The relationship of weight to blood pressure. Being overweight is a significant risk factor for the development of hypertension. The prevalence of hypertension in the U.S. is greatly increased by the fact that one quarter to one half of all adults (results differ by study) are overweight. Although the association between higher body fat and blood pressure has been recognized for years, recent studies have discovered a 50-300% higher incidence of hypertension among adults who consider themselves overweight compared to those classified as normal weight. Similar findings are revealed from studies involving children and young adults, in which the connection between weight and blood pressure has been observed to be very strong.
Two proposed mechanisms underlying this correlation are the stimulation of sodium retention and increased catecholamine release, which are results of increased sodium sensitivity and hyperinsulinemia. Age, gender, and race are also part of the equation and so should be considered when studying preventive interventions. Hypertension and obesity treatment are necessary to avoid potential morbidity and mortality from coronary heart disease or stroke.
[Institute of Medicine, Weighing the Options. National Academy Press, 1995]
[American Heart Journal 147 (2004): p.841]
[New England Journal of Medicine Volume 338 (1998): p.1]
[Annals of Internal Medicine 138 (2003): p.24]
[Journal of the American Medical Association 289 (2003): p.187]
The classic 'beer belly' is usually caused by high levels of visceral fat. This is not the same as subcutaneous fat, which lies immediately under the skin. Visceral fat or "gut fat" surrounds the internal organs and causes central obesity.
The more overweight we are, the harder it comes to perform tasks that require fine motor skill such as tying our shoelaces, holding a pencil or tapping a cellphone screen.
The International Diabetes Federation consensus worldwide definition of Metabolic Syndrome (Syndrome X) is as follows:
Central obesity (or a BMI index of over 30) AND any two of the following:
Gout is strongly associated with obesity, hypertension, hyperlipidemia and diabetes.

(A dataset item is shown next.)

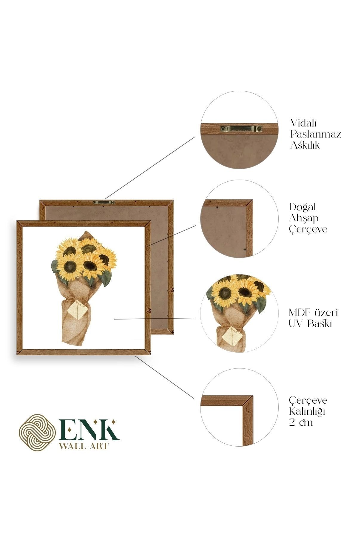 Tablolarımız gerçek ahşap çerçevelidir, çerçeve görünümlü değildir. ; ENK Wall Art Olarak Ahşap Çerçeveli Tablolar Üretiyoruz. ; Tablolarımız tek parça, 3 Parça, 5 Parça ve daha çok kategoride tasarımcılarımız tarafından ev ve ofisleriniz duvarları süslemek için tasarlanmaktadır. ; Ahşap Çerçeveli Duvar Tabloları ile yaşam alanlarınıza yepyeni bir görünüm kazandırın. ; Yıllarca dayanacağından emin olduğumuz sağlam çerçevelere sahip yüksek kaliteli ahşaptan üretilmiştir. ; İster bir köşeyi süslemek isteyin, ister evinizi yenilemek , bu ahşap tablolar herhangi bir yaşam alanına stil ve işlev getirecektir. ; Duvara kolay bir şekilde monte edilir. ; Uzun ömürlü kullanım için sağlam ahşap çerçeveden yapılmış, dayanıklı ve güçlü. ; Duvara monte edilebilir tasarımı, yaşam alanlarında veya yatak odalarında duvara kolayca asılmasını sağlar. ; Pürüzsüz üst yüzeyi temiz kalmayı kolaylaştırır. ; Herhangi bir stile uyacak şekilde çeşitli renklerde gelir. ; Kolay yeniden düzenleme için hafif ve portatif. ; Küçük oturma odaları veya dar alanlar için mükemmel boyut. ; Eve taşınma hediyesi olarak idealdir. ; Herhangi bir evin dekorunu süslemek için harika bir yol. ; Herhangi bir modern veya çağdaş iç tasarıma mükemmel bir katkı. ; Tablo içi 3 mm mdf (ahşap) malzeme üzeri uv baskıdır. ; Renkler canlı ve solma yapmaz. ; Kırılma, bükülme ve çizilmeye karşı dayanıklıdır.;

Obesity in both men and women increases the risk for gallstones. This may be a result of lower levels of bile salts relative to cholesterol in the bile causing a higher risk for cholesterol supersaturation and the formation of stones.
Being overweight increases the risk of asthma. [Arch Intern Med 1999;159: pp.2582-8] Obese people with asthma may improve their lung-function symptoms and overall health status by engaging in a weight-loss program. A controlled study found that weight loss resulted in significant decreases in episodes of shortness of breath, increases in overall breathing capacity, and decreases in the need for medication to control symptoms. [BMJ 2000;320: pp.827-32]
Countless studies have demonstrated a strong connection between lack of sleep and increased BMI. Chronically sleep-deprived individuals undergo changes in metabolic hormones that trigger appetite (ghrelin), increase appetite (leptin), and indicate satiety (insulin).
Our indication of whether a person is overweight is based on the BMI (Body Mass Index) calculation. If you perform a lot of non-aerobic exercise then much of your 'excess' weight is likely to be muscle mass rather than fat. In this case, a BMI-based assertion that you are overweight may be untrue.
Studies started reporting in 2009 that children who have their tonsils removed – with or without the adenoids – are at slightly higher risk of becoming overweight.
Traffic fumes and cigarette smoke contain tiny, irritating particles that trigger widespread inflammation and disrupt the body's ability to burn calories for energy and control blood sugar levels.
A Swiss study found signs of significantly increased insulin resistance, hypertension, and waist-circumference in a sample of nearly 4,000 people living among dense pollution.
A study at Columbia University found that children born to mothers living in highly polluted areas were 2.3 times more likely to be obese compared to those in cleaner areas.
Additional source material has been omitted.